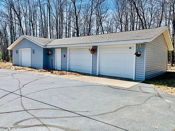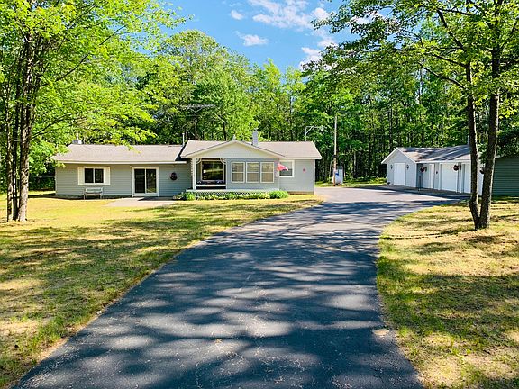 53 +/- acres of nicely wooded property bordering state land to the east and across the county road with hunting and snowmobiling at your front door. Well maintained 1500 sq. ft. home featuring 2 bedrooms, a large great room for family gatherings, and hot water heat. Enjoy the 3 car garage big enough for all the toys, one stall heated. Trails throughout. AuSable River and several lakes within a short drive. Located between Mio and Lewiston. $169,700.00 MLS# 323640
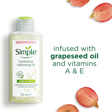 The best cleansing oils are deeply hydrating while leaving no greasy residue. Simple Kind to Skin Hydrating Cleansing Oil is a gentle and effective way to cleanse your skin of impurities and lift away make-up without stripping or irritating the skin. With its perfect blend of gentle cleansers with skin-loving ingredients like grapeseed oil as well as vitamins A and E, this Simple face cleanser leaves your skin cleansed, hydrated and soft.Our cleansing oil contains no artificial perfume or colour, no soap, no mineral oils and no harsh chemicals that can upset your skin. It's hypoallergenic and dermatologically tested and approved to care for all sensitive skin types. Designed with love in the UK, this sensitive skin cleanser is not only kind to skin but also kind to the planet as it comes in a bottle made from 100% recycled plastic.
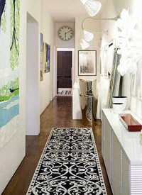 Poželjno je u duge hodnike postaviti nešto što će vizuelno presijecati njihovu dužinu , a istovremeno biti lijepo. Možete koristiti velike saksije sa cvijećem, slike, nisku komodu ili bambusove stabljike povezane crvenim koncem.
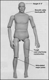 Simulaids Adult and Child Rescue Training Manikins The Rescue Randy™ Adult Manikin is a rugged, fully articulated rescue manikin. Rescue Randy™ is used in training programs throughout the world. Replicating the weight and resiliency of a human body, he can be positioned to sit, lie, curl up or flex to facilitate realism in your rescue scenario. Randy is made of tough cast vinyl over a rust resistant steel frame. Weights range from 55 lbs.(25kg) to 165 lbs.(75kg). Rescue Randy™ is a 5’5”(166cm) tall Caucasian. Rescue Rudy™ is an African American. Water Randy was developed for YMCA water safety courses and allows adjustment to its buoyancy by adding weight to the abdomen. Juvenile Jennifer™ is a 4’(123cm) tall, 16 lb.(7.3kg), 7-8 year old sized youngster. She is articulated at all major joints. The manikins’ rugged construction will insure years of durability and usefulness. Jennifer is especially helpful for preparing personnel for child rescue where highly charged emotional factors come into play. Catalog #1338 Rescue Randy 55 lbs.(25kg) Manikin Catalog #1335 Rescue Randy 105 lbs.(48kg) Manikin Catalog #1344 Rescue Randy 145 lbs.(66kg) Manikin Catalog #1345 Rescue Randy 165 lbs.(75kg) Manikin Catalog #1388 Rescue Rudy 55 lbs.(25kg) African American Manikin Catalog #1385 Rescue Rudy 105 lbs.(48kg) African American Manikin Catalog #1386 Rescue Rudy 145 lbs.(66kg) African American Manikin Catalog #1387 Rescue Rudy 165 lbs.(75kg) African American Manikin Catalog #1326 Water Randy 40 lbs.(18kg) Water Training Manikin Catalog #1355 Juvenile Jennifer 16 lbs.(7.3kg) Manikin Catalog #1350 Rescue Cathy Newborn Manikin (Water Fillable) Catalog #1351 Rescue Timmy 3 Year Old Manikin (Water Fillable) Catalog #1352 Rescue Billy 6-9 Month Old Manikin (Water Fillable) Catalog #1112 Weighted Vest 20 lbs.(9kg) Catalog #1114 Weighted Vest 30 lbs.(13.6kg) Catalog #1115 Weighted Vest 40 lbs.(18kg) Catalog #1373 Carry/Storage Bag |
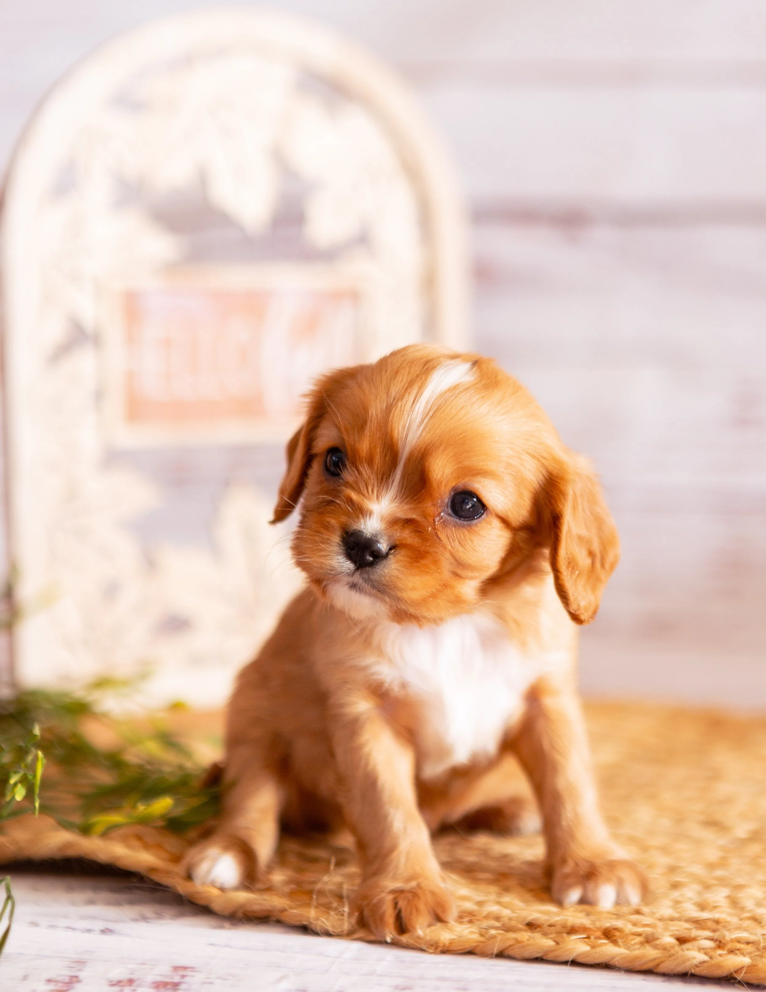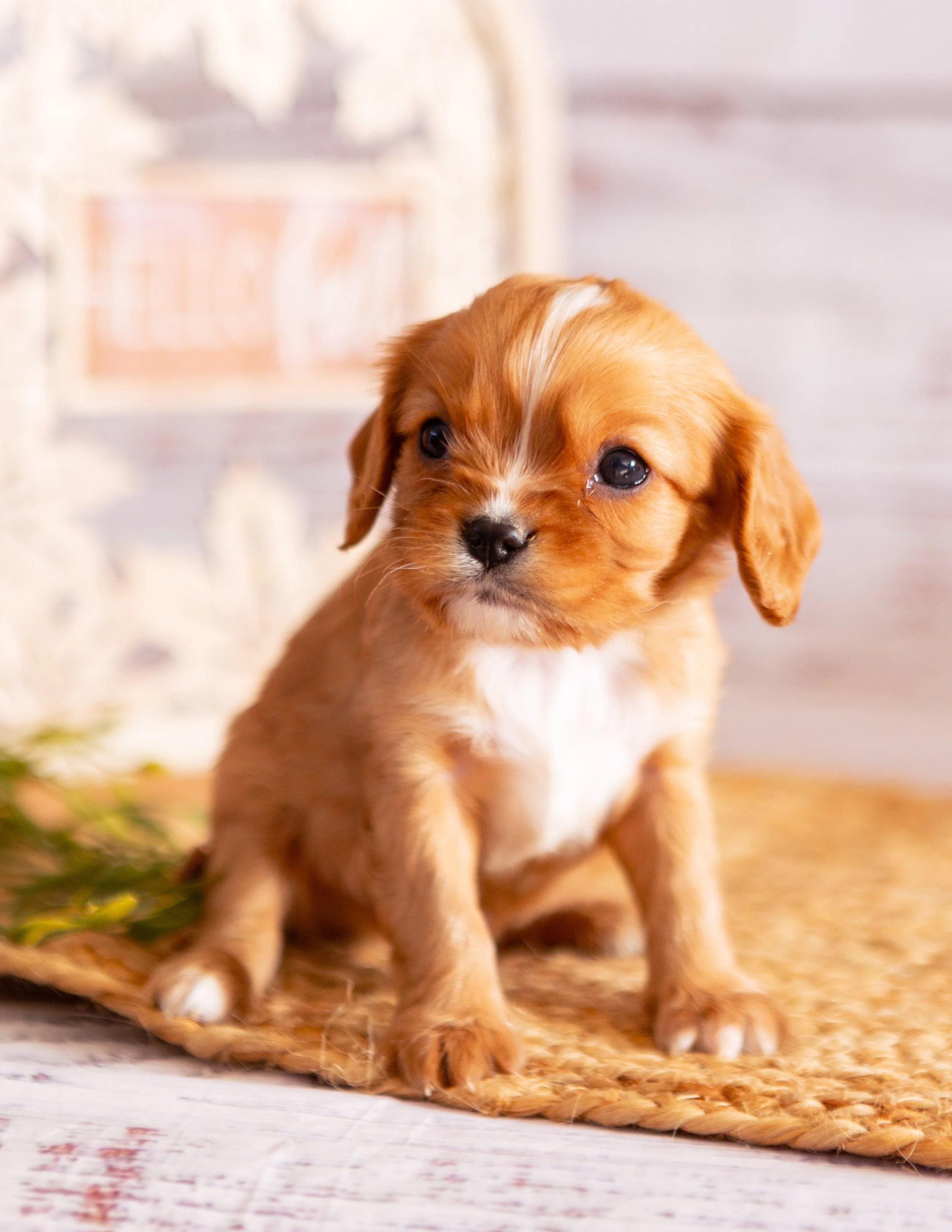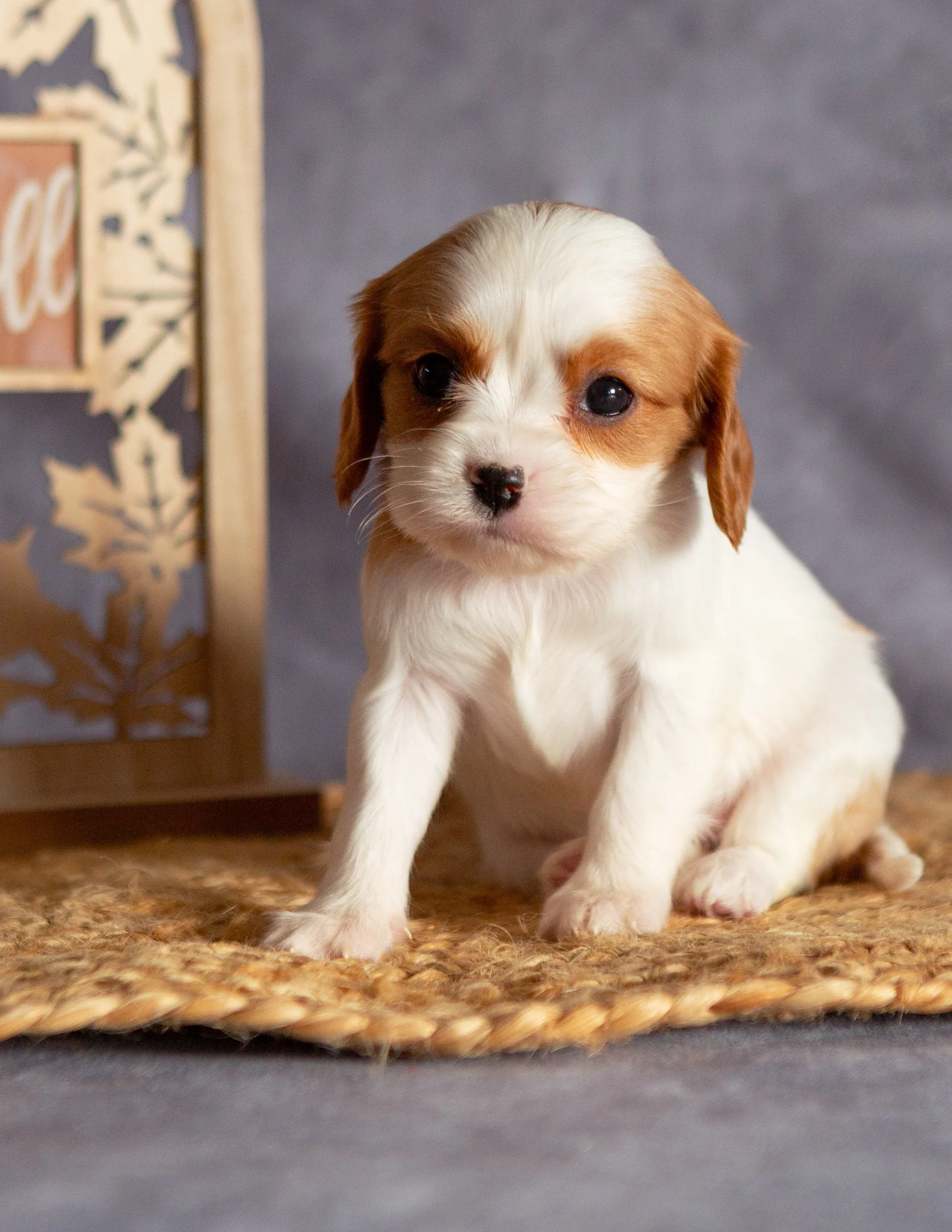 A small, brown and white puppy sitting on a woven mat with a blurred decorative sign in the background.

WORK TO BE COMPLETED. Each line from the one that holds "Poželjno je u" through the end of the entries must be returned exactly, while any pictures stay out.

SOLUTION FOR THIS EXERCISE.
 Poželjno je u duge hodnike postaviti nešto što će vizuelno presijecati njihovu dužinu , a istovremeno biti lijepo. Možete koristiti velike saksije sa cvijećem, slike, nisku komodu ili bambusove stabljike povezane crvenim koncem.
 Simulaids Adult and Child Rescue Training Manikins The Rescue Randy™ Adult Manikin is a rugged, fully articulated rescue manikin. Rescue Randy™ is used in training programs throughout the world. Replicating the weight and resiliency of a human body, he can be positioned to sit, lie, curl up or flex to facilitate realism in your rescue scenario. Randy is made of tough cast vinyl over a rust resistant steel frame. Weights range from 55 lbs.(25kg) to 165 lbs.(75kg). Rescue Randy™ is a 5’5”(166cm) tall Caucasian. Rescue Rudy™ is an African American. Water Randy was developed for YMCA water safety courses and allows adjustment to its buoyancy by adding weight to the abdomen. Juvenile Jennifer™ is a 4’(123cm) tall, 16 lb.(7.3kg), 7-8 year old sized youngster. She is articulated at all major joints. The manikins’ rugged construction will insure years of durability and usefulness. Jennifer is especially helpful for preparing personnel for child rescue where highly charged emotional factors come into play. Catalog #1338 Rescue Randy 55 lbs.(25kg) Manikin Catalog #1335 Rescue Randy 105 lbs.(48kg) Manikin Catalog #1344 Rescue Randy 145 lbs.(66kg) Manikin Catalog #1345 Rescue Randy 165 lbs.(75kg) Manikin Catalog #1388 Rescue Rudy 55 lbs.(25kg) African American Manikin Catalog #1385 Rescue Rudy 105 lbs.(48kg) African American Manikin Catalog #1386 Rescue Rudy 145 lbs.(66kg) African American Manikin Catalog #1387 Rescue Rudy 165 lbs.(75kg) African American Manikin Catalog #1326 Water Randy 40 lbs.(18kg) Water Training Manikin Catalog #1355 Juvenile Jennifer 16 lbs.(7.3kg) Manikin Catalog #1350 Rescue Cathy Newborn Manikin (Water Fillable) Catalog #1351 Rescue Timmy 3 Year Old Manikin (Water Fillable) Catalog #1352 Rescue Billy 6-9 Month Old Manikin (Water Fillable) Catalog #1112 Weighted Vest 20 lbs.(9kg) Catalog #1114 Weighted Vest 30 lbs.(13.6kg) Catalog #1115 Weighted Vest 40 lbs.(18kg) Catalog #1373 Carry/Storage Bag |
 A small, brown and white puppy sitting on a woven mat with a blurred decorative sign in the background.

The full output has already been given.